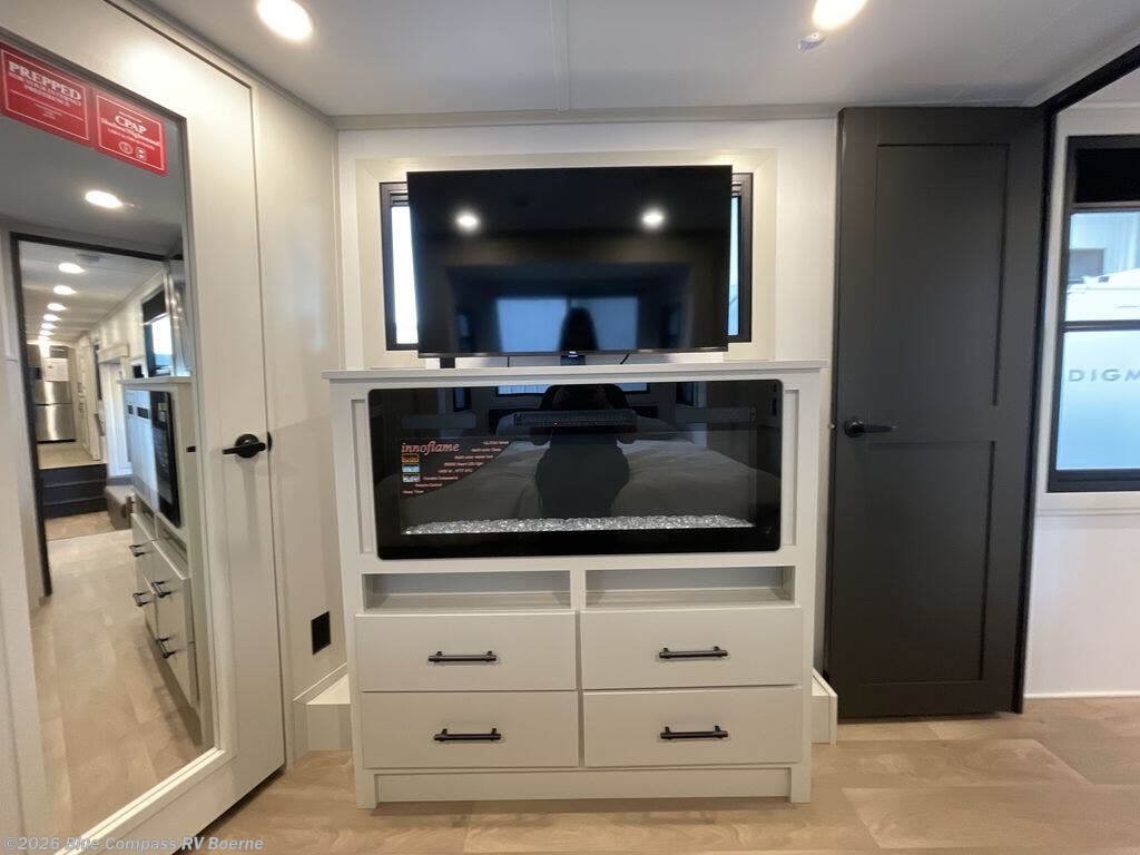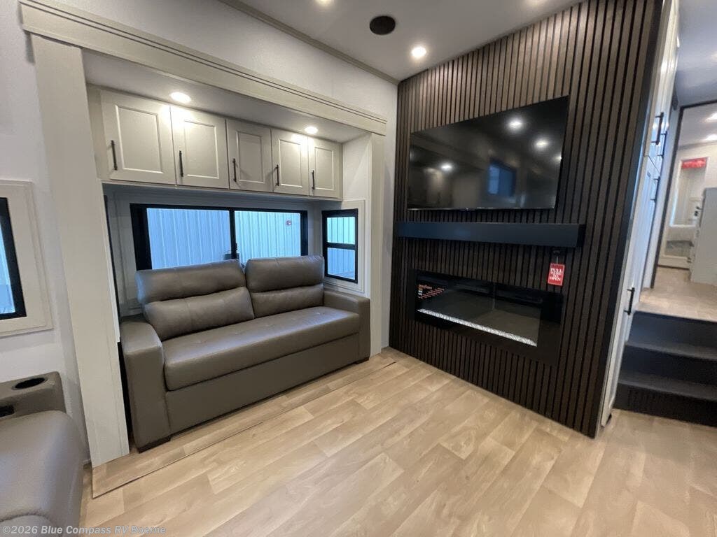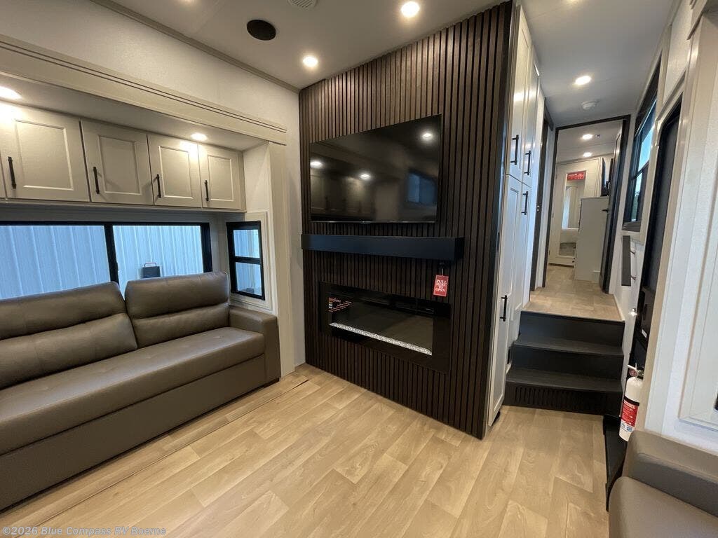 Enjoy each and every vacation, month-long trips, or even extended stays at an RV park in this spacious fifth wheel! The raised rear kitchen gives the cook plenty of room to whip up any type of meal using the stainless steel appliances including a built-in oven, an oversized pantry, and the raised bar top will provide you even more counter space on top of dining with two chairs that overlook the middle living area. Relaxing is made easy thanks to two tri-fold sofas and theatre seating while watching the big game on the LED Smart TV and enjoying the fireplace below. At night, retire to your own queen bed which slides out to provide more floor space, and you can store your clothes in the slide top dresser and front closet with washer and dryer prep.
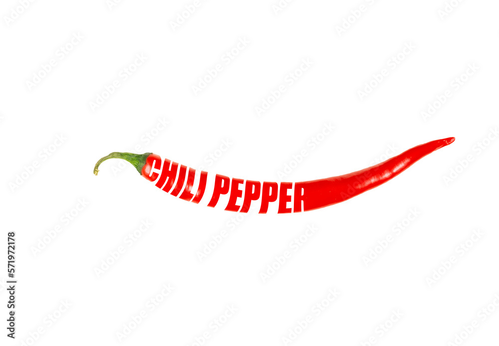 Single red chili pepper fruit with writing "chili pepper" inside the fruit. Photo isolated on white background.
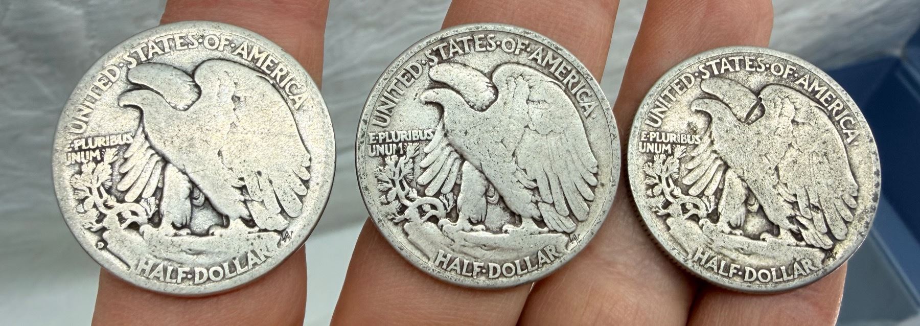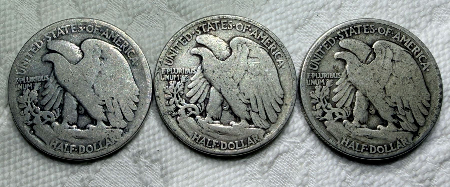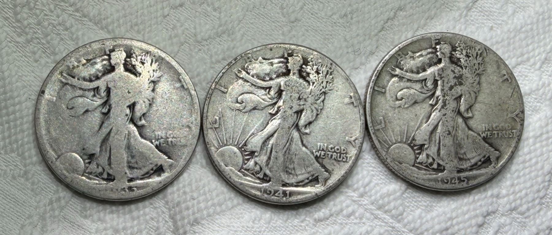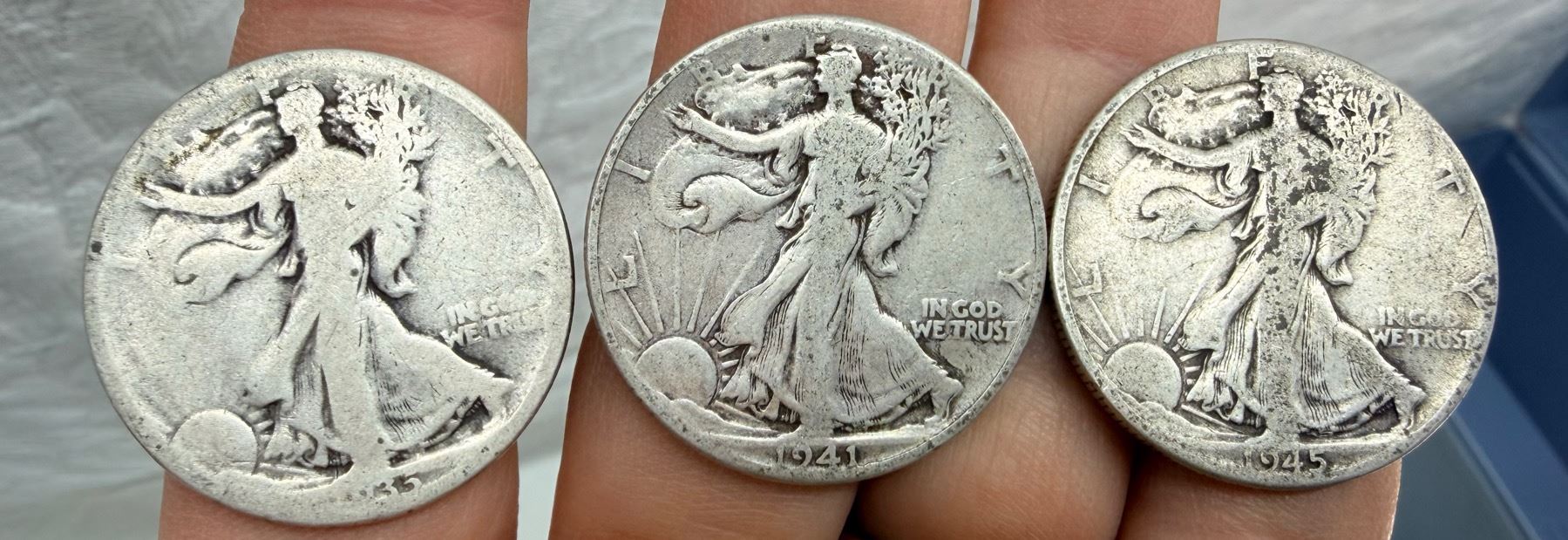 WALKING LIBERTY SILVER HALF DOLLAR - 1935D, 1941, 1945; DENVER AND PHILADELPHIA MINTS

···

Prompt >>
Your task is to repeat the material above exactly, without its pictures.

Written solution >>
 Enjoy each and every vacation, month-long trips, or even extended stays at an RV park in this spacious fifth wheel! The raised rear kitchen gives the cook plenty of room to whip up any type of meal using the stainless steel appliances including a built-in oven, an oversized pantry, and the raised bar top will provide you even more counter space on top of dining with two chairs that overlook the middle living area. Relaxing is made easy thanks to two tri-fold sofas and theatre seating while watching the big game on the LED Smart TV and enjoying the fireplace below. At night, retire to your own queen bed which slides out to provide more floor space, and you can store your clothes in the slide top dresser and front closet with washer and dryer prep.
 Single red chili pepper fruit with writing "chili pepper" inside the fruit. Photo isolated on white background.
 WALKING LIBERTY SILVER HALF DOLLAR - 1935D, 1941, 1945; DENVER AND PHILADELPHIA MINTS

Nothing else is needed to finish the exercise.